This special study on telecommunications is a plan and an implementation
description for an Internet telephony testing network. The purpose of the network
is to provide a platform for evaluating different pieces of network equipment
including testing and monitoring equipment. The network is constructed in Nokia
laboratory premises in Helsinki.
1. Introduction
1
1. Introduction
Voice over Internet Protocol (VoIP) means transferring of voice traffic over
networks utilizing Internet Protocol (IP) as a carrier. VoIP has become a
considerable alternative for traditional telephony circuits. Some operators have
already switched from Pulse Code Modulated (PCM) circuits to transferring their
speech traffic over dedicated IP networks. This gives several advantages over
circuit switched connections - and also some disadvantages that have to be dealt
with.
Internet telephony and VoIP have to some extent existed for some years now. But
as main-stream applications they have not yet done well. VoIP has been a means
of calling cheap long distance calls with Personal Computers (PC) over the public
Internet. This has been enabled by the rapid development of the processing power
and multimedia capabilities of PCs. Voice communication over the Internet has
been accomplished with different kinds of packet telephony software. These have
utilised proprietary methods of transferring voice in IP packets, and therefore the
public success has not been met. But now the situation is different. New standards
- such as the H.323 protocol family - have enabled software producers to
implement packet telephony software that can interwork with software from other
producers. Also the introduction of new network components, like Internet
telephony gateways, have driven the technology nearer towars a normal private
user. This is mostly due to the fact that users are very accustomed to the user
interface of a telephone, and the gateways make it possible to make calls over the
Internet with telephones connected to the Public Switched Telephone Network
(PSTN).
When a new technology is introduced to consumers, there has to be a certainty
that the service platform and the services are working correctly. This study is
about planning and implementing a test network for Internet telephony. The
network will be used to gather information about the technology and to test and
evaluate different tools that can be used in verifying the services.
2. Internet telephony
2
2. Internet telephony
2.1 Drivers for Internet telephony
PSTN connections allocate 64kbit/s part of a 2Mbit/s PCM link for speech traffic.
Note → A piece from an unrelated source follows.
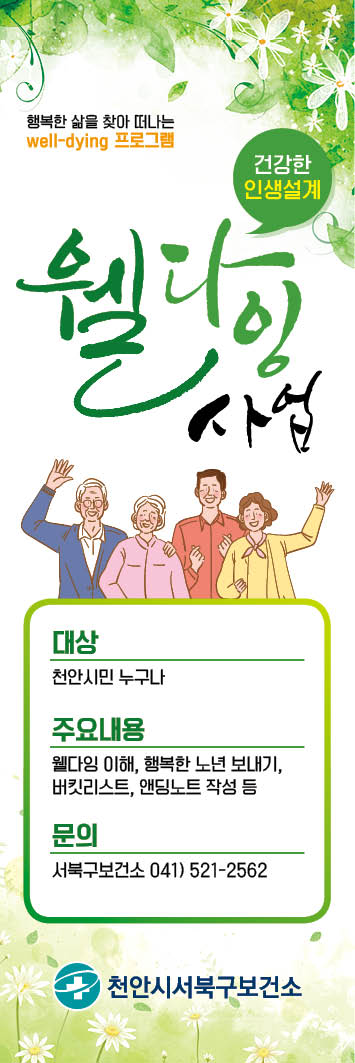 이현기 서북구 보건소장은 “웰다잉에 대한 인식 개선은 고령화 시대에 발맞춘 우리의 시대적 과제이다”며 “‘건강한 인생설계’ 강좌를 통해죽음에 대한 인식을 개선하고 웰다잉 문화조성이 확산될 수 있길 기대한다”고 말했다.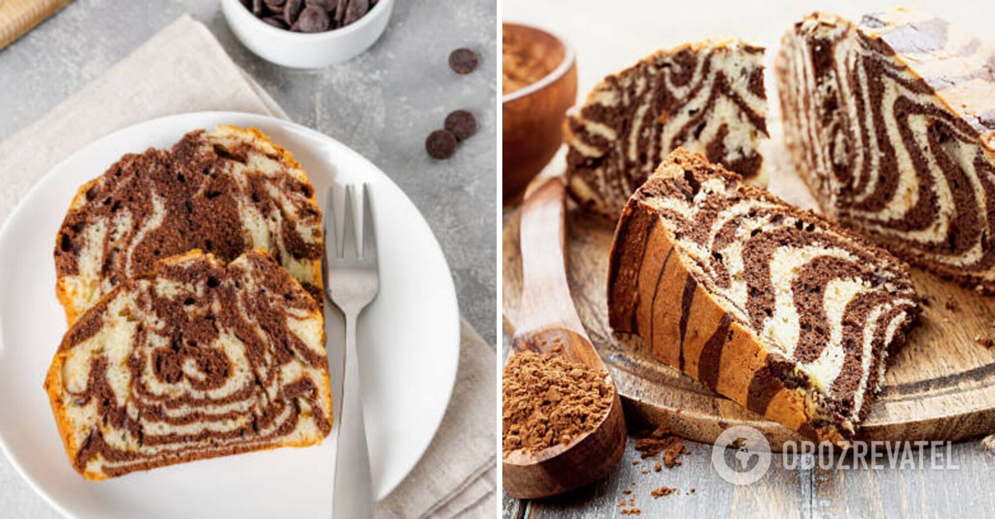 "Zebra" cupcake is called because it is prepared on the basis of brown and white dough, thanks to which the pastry has a striped color. The dough in this dessert is not fastidious: it can be made with kefir, milk or sour cream. But in order to ensure that it is not mixed in the baking process and did not turn out the usual chocolate dumpling, it is important to observe the proportions.

This allocation is called a timeslot in the PCM link. The timeslot is allocated for
the speech stream for the whole duration of the connection. Therefore the link is
utilised even if there is no speech traffic at all. This is considered as waste of
bandwidth, because the 64kbit/s connection cannot be teared down and formed
again for every speech burst. If the speech was transferred as packets, there would
be no such problem. Packets can be multiplexed to the same link and therefore
when one connection is silent another one could use its link for transmitting. This
allows better utilisation of the link. With speech coding the required bandwidth
for speech in the IP network is much less than the 64 kbit/s requirement in PSTN.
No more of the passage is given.